Gone

It is a fight for survival between an opossum and a rat. The opossum holds the weight advantage. The desperate rat has far more mouths to feed. A coyote stands by, waiting to greet the loser. Such a grand banquet, a feast big enough for all. So, why are they fighting, the coyote must wonder. No matter. He is not a scavenger and prefers his meals fresh.

High above, a peregrine falcon glides on air currents uplifted from the sun-warmed concrete buildings below. From her spiraling flight she observes the fracas at the dining table. She, too, has mouths to feed. With her sharp eyes, she observes mice as they scurry in and out of the piles of trash. Folding her wings, she dives; hoping to take an unsuspecting meal with her talons. But the target spots the falling shadow and swerves at the last instant. No loss, there are plenty more opportunities.

Thermals lift her skyward to resume her watch. The mother bird is oblivious to the hot concrete beneath her wings creating the updrafts.

This is a city of a quarter million. Where are the people?

At the banquet table, the rat has lost the battle. The coyote moves in to congratulate him in his own way. But the rat’s children will not go hungry. There is plenty of food for all.

For now.

At the top of the hill, another rat rummages through the collapsed remains of a camp, which has vomited its garbage down the hillside. Tattered tents, ripped plastic tarps, and moldy sleeping bags lie in tangled knots among abandoned shopping carts and piles of rusted bicycle parts. Everywhere the rat searches, he must avoid the discarded hypodermic syringes. He remembers his mate. An unstable stack of garbage collapsed beneath her four days ago, and she was impaled by a needle. The syringes bear traces of opioids.

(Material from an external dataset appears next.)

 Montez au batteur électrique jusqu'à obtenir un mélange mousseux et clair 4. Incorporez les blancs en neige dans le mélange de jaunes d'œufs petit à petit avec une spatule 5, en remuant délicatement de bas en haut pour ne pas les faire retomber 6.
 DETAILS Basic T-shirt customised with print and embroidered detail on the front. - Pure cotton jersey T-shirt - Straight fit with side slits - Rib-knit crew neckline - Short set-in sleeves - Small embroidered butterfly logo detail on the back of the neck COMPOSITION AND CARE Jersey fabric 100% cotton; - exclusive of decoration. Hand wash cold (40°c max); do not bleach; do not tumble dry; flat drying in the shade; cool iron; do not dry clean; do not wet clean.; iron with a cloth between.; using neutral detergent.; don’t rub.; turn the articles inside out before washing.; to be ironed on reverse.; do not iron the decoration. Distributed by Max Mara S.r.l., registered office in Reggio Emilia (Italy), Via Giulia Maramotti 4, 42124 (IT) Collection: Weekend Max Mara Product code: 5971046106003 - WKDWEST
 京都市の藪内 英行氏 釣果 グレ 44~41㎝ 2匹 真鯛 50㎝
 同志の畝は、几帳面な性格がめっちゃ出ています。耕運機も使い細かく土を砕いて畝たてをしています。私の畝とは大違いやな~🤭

A pair of legs protrudes from beneath a pile of rotted cloth. Human legs. Partly decomposed, they bear black splotches on what desiccated skin remains. It is the tell-tale sign. By instinct, the rat leaps back to avoid contact with the cadaver. Too late, he stops to scratch his left ear.

A flea.

Below in the city, the same thing can be found. Many bodies remain where they fell. Out of fear, the living avoid the dead. No one bothers to pick up the fallen. There are too few left alive to do so. One unwritten word can be read on the ashen, black-blotched faces of the humans.

Plague.

The majority of those still healthy enough to move, have fled the compact closeness of the cities. Death has not yet spread to the smaller towns and farming communities outside the once crowded cities and suburbs. In quickly erected farming settlements, humans capable of producing their own food can still survive. Those unwilling to work to support the colony will starve. Some turn to theft and are shot.

The rats, fleas, and the death they carry, follow the migration.

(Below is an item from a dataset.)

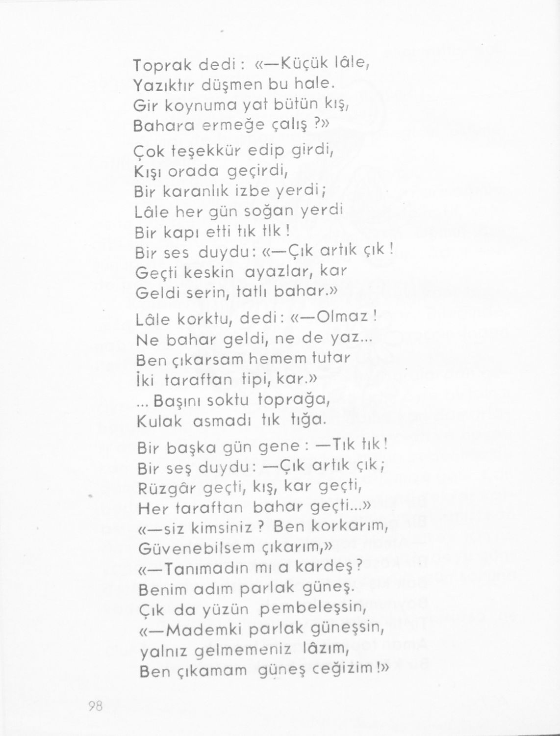 Αναγνωστικό για τους μαθητές της Δ΄ τάξης των Μουσουλμανικών Σχολείων που περιέχει κείμενα στα τουρκικά εμπνευσμένα από την κοινωνική και την οικογενειακή ζωή και το φυσικό περιβάλλον.
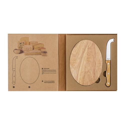 Cheese set in a sturdy cardboard gift box, includes a round wooden board and a cheese knife made of stainless steel.

Had we humans taken the time to study history and learn from it, our demise could have been avoided. The plague has been around as long as recorded history. From time to time, it returns with a vengeance, causing a world-wide pandemic among humans.

Past pandemics show the symptoms of the plague may vary, but the mortality rate for victims does not. Once infected, ten days remain. There is no vaccine to prevent it, and no cure. The spread always happens the same way: either by contact with infected animals, or by the fleas of those animals.

The hawk looks down from her aerial observatory, to lifeless streets below. Among the human corpses are the bodies of cats and dogs, domestic pets, as well as those of mice and rats. A veritable feast for a falcon, if she’s willing to scavenge the dead.

At least for now.

* * *

This is a concept for a dystopian novel based on a photo of a vagrant camp in south Seattle, Washington, situated on a bluff overlooking the freeway. The same thing is seen across the greater Seattle area. Garbage is strewn down the hill for fifty yards, from the camp to the freeway. The local home owners in the area are fighting a vermin infestation as well as a sharp increase in property crimes. Seattle now has nearly three times the property crimes per capita as New York. And those are only the ones reported. Many don’t waste their time calling law enforcement. Seattle and King County governments are ignoring the problem. In fact, they are encouraging it. Shoplifters are seldom stopped, let alone arrested. And if they are arrested, they will never be prosecuted. Vagrants know this.

In the ‘50s and ‘60s, Seattle was known as The Emerald City, because of the beauty of the evergreen forests, and the aquamarine of Puget Sound. In the last ten years, it has become The Garbage City. Or, Free-attle, as the tweaker vagrants know it.

There was a fellow sleeping under an overpass, just south of downtown. He had been sleeping there for at least four years. One day while I drove by, I watched a large gray rat crawling around his camp, in and out of his sleeping bag. The guy had passed out and was oblivious to the jeopardy he was in.

With exponential growth of the problem happening, what will the city look like in ten years?